Dalam hukum Islam, pemimpin yang melupakan janjinya tidak boleh dipilih kembali. Menapati janji adalah sebuah kewajiban. Bahkan dalam Islam, orang yang kerapkali mengingkari janji disebut sebagai orang munafik. Pada Ijtima’ Ulama Komisi Fatwa Se-Indonesia V tahun 2015, Majelis Ulama Indonesia sudah membahas terkait masalah ini: bagaimana kedudukan pemimpin yang tidak menempati janjinya.
Majelis Ulama Indonesia menyatakan, setiap calon pemimpin publik, baik legislatif, yudikatif, ataupun eksekutif harus memiliki kompetensi dan kemampuan dalam menjalankan amanah. Calon pemimpin publik tidak boleh mengumbar janji untuk melakukan perbuatan di luar kewenangan.
Masyarakat mesti jeli dalam melihat siapa yang layak menjadi pemimpin. Jangan terbuai dengan kampanye sesaat para politisi. Perhatikan betul rekam jejak, kemampuan, dan kontribusinya. Kalau sudah pernah menjabat sebelumnya, lihat apakah pekerjaan yang dilakukannya sudah maksimal atau belum.

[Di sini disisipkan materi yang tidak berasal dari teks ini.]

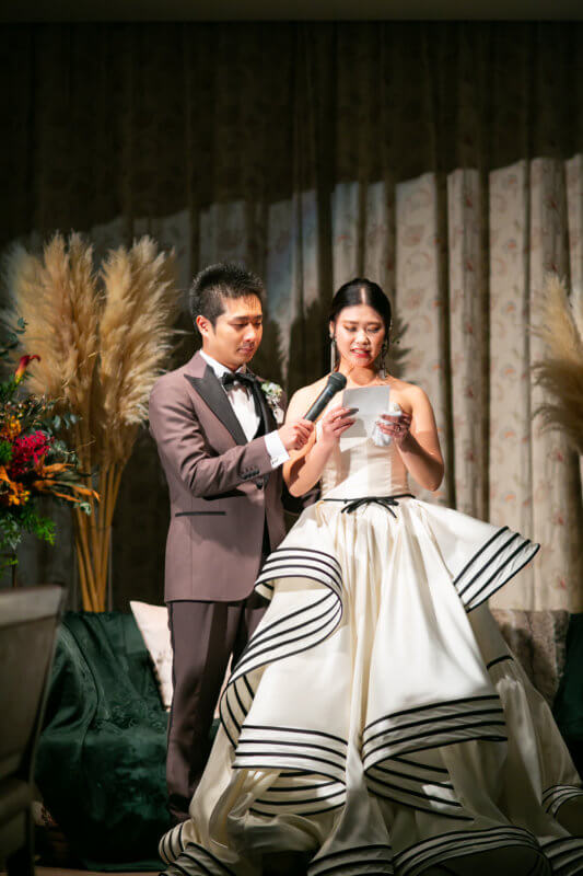 ご新郎様は、挙式とは雰囲気を変えブラウンのタキシードを着用いただきました。
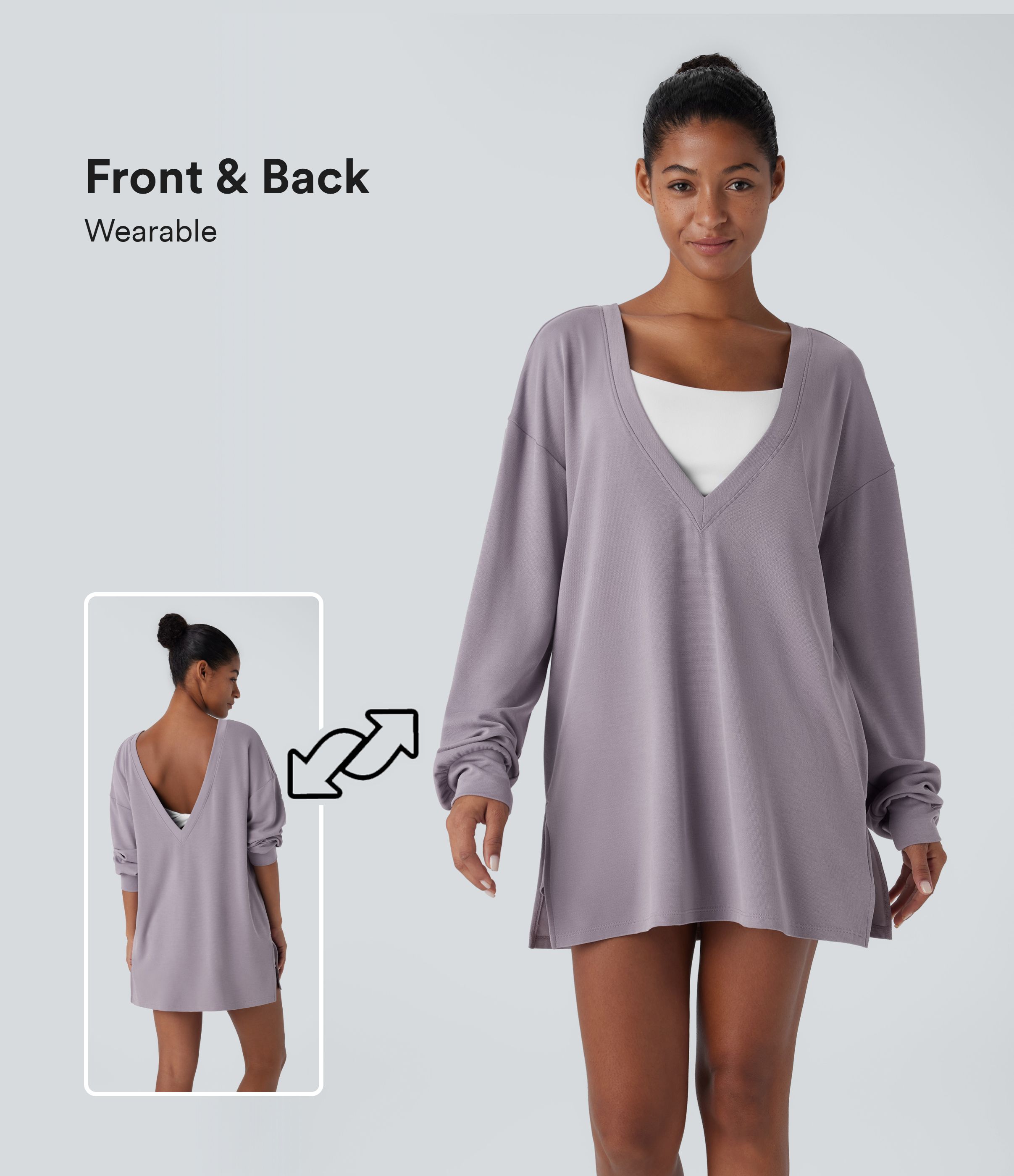 V Neck Dropped Shoulder Side Pocket Split Relaxed Casual Sweatshirt-Front and Back Wearable
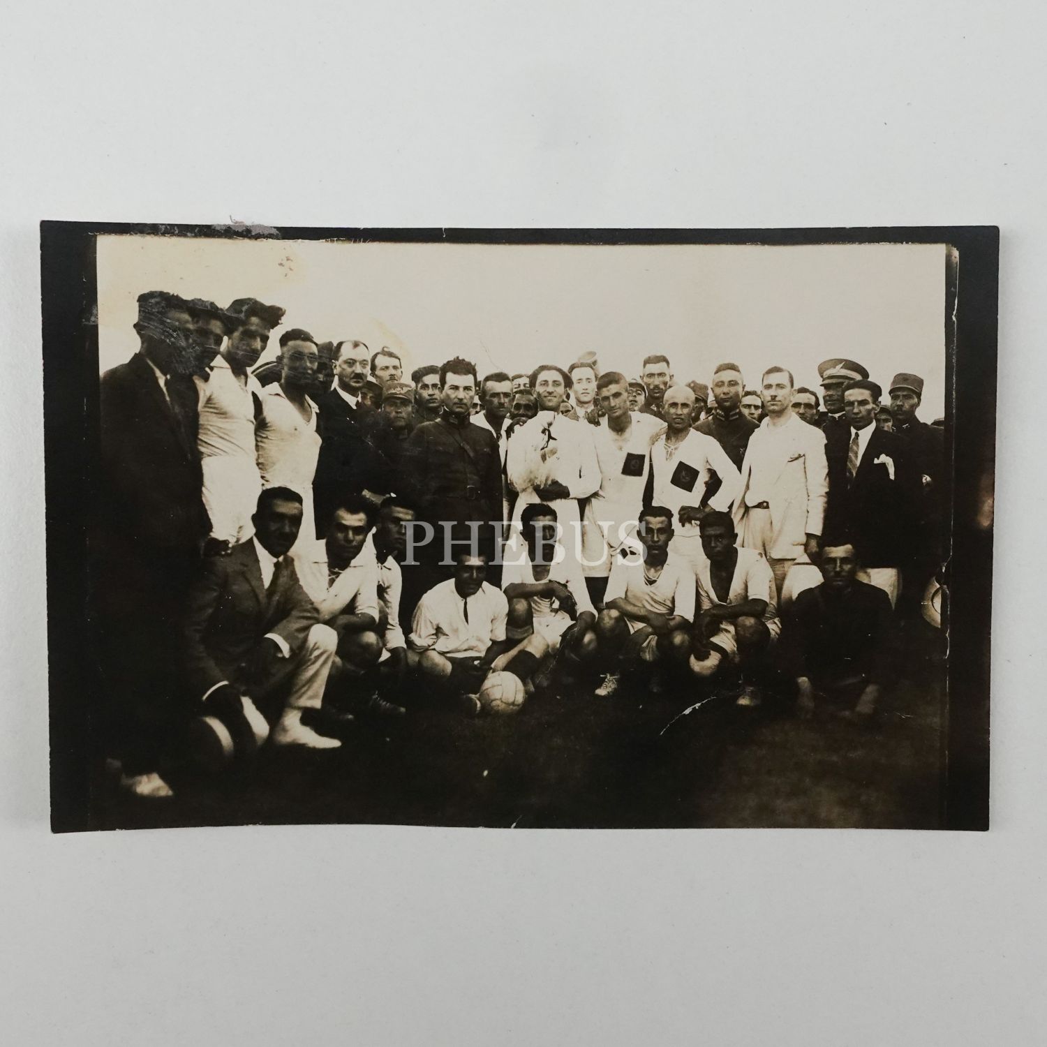 Aralarında Fevzi Uçaner´in de yer aldığı, Türk Hava Kuvvetleri bünyesinde oluşturulan futbol takımında yer alan pilot adaylarının hocaları olan Türk subaylarıyla aldırdıkları toplu hatıra fotoğrafı, 14x9 cm...
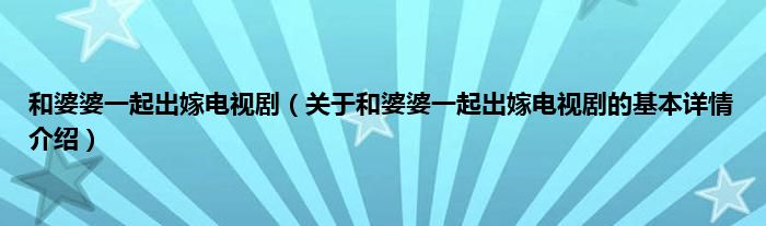 本文关于和婆婆一起出嫁电视剧的基本详情介绍就讲解完毕,希望对大家有所帮助。
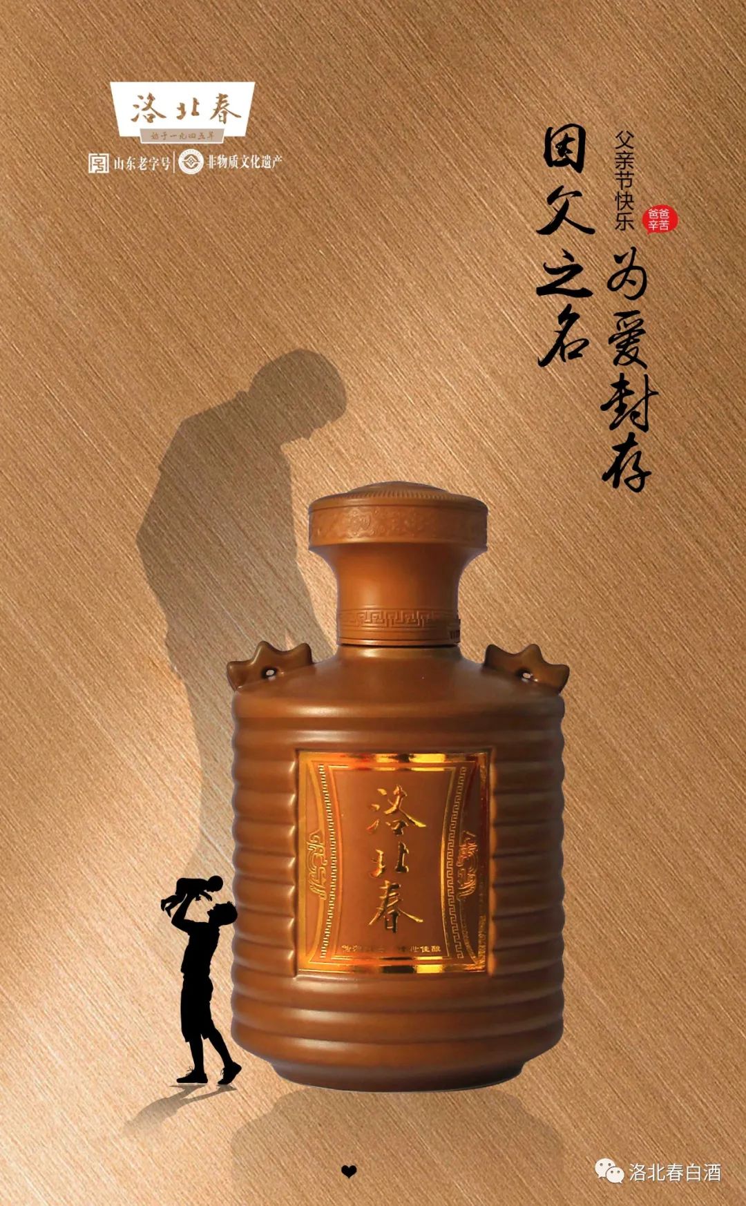 父愛如酒,醇厚綿長,以父之名,為愛封存。父愛象一場春雨,一首清歌,潤物無聲綿長悠遠。父愛更如洛北春的這壇酒,只有當(dāng)孩子經(jīng)歷了時間的歷練,才能真正懂得父愛這壇“老酒”有多醇香!碰杯之間,父親給孩子,傳達的是百味人生,孩子給父親,表達的是健康期許。
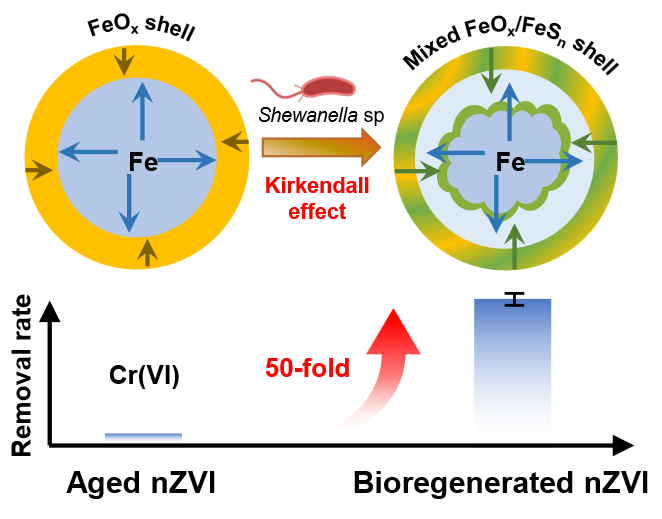 针对于此,本研究开创性地提出了基于异化金属还原菌Shewanella oneidensisMR-1诱导Kirkendall效应的老化nZVI生物再生新策略。结果表明,生物再生nZVI(BR-nZVI)表现出显著增强的污染物去除性能,其对 Cr(VI) 的去除速率常数较A-nZVI提高约50倍,同时具备更优异的环境适应性和循环稳定性。多种表征结果表明,生物成因铁氧化物/硫化物的非均相质量扩散触发了 Kirkendall效应,促进铁元素的优先向外迁移,从而形成了独特的“蛋黄-蛋壳”纳米结构。这种微生物诱导的Kirkendall效应显著提升了nZVI的比表面积、孔隙结构、疏水性及电子传递能力,从而有效促进污染物的还原去除过程。此外,该生物再生策略适用于多种硫源和不同粒径的ZVI,并在去除四溴双酚A等多种污染物方面表现出广泛的适用性。以上成果为零价铁基纳米材料在环境修复中的可持续应用提供了新的科学依据和技术支撑。
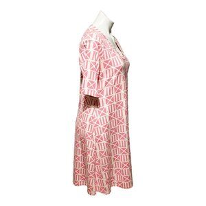Mahi Gold Large Pink White Geometric Short Sleeve Scoop Neck Dress
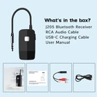 【BLUETOOTH 5.4 & AMAZING SOUND QUALITY】J205 Bluetooth receiver is equipped with the latest Bluetooth 5.4 technology to deliver faster pairing and more stable sound & better Hi-fi wireless audio experience than other normal products. Stream and control your music with a reliable connection from up to 33 FT. 【WIDE COMPATILIBILITY】J205 Bluetooth 5.4 Receiver can be paired with most smartphones or tablet whether feature any Bluetooth version, such 5.0, 4.0, 3.0 etc. J205 must be Ideal for home stereo or vehicle audio systems. But please do not pair the gadget to Bluetooth headphones or Bluetooth speakers due that this is not a Bluetooth Transmitter. 【20H EXTENDED BATTERY USE】Get more 20 hours of music streaming from one full charge and keep always working while in Charging. J205 Bluetooth receiver for speaker saves power by smartly shutting down after 5 minutes without Bluetooth connection. 【EASY TO USE & DOUBLE LINK】Only plug into cars/wired headphones/home stereo speaker systems via the 3.5mm or RCA cable and thanks to compact design of one slide switch makes operation easier for power ON/OFF to pair and connection at once. J205 Bluetooth audio adapter can support multi-points dual connection to two cellphones and automatically re-connection paired devices. 【12-MONTH EXTENDED WARRANTY】If you have any questions, please send us an email. We will have the friendly customer service standby to support you within 24 hours. Meanwhile, we provide the 24-Month product quality warranty and lifetime technical support due to our confident fully-tested products.

Majelis Ulama Indonesia menegaskan, “Pemimpin publik yang melanggar sumpah atau tidak melakukan tugasnya harus dimimintai pertanggungjawaban melalui lembaga terkait dan diproses sesuai dengan ketentuan peraturan perundang-undangan yang berlaku. Pemimpin publik yang tidak melaksanakan janji kampanyenya adalah berdosa dan tidak boleh dipilih kembali.”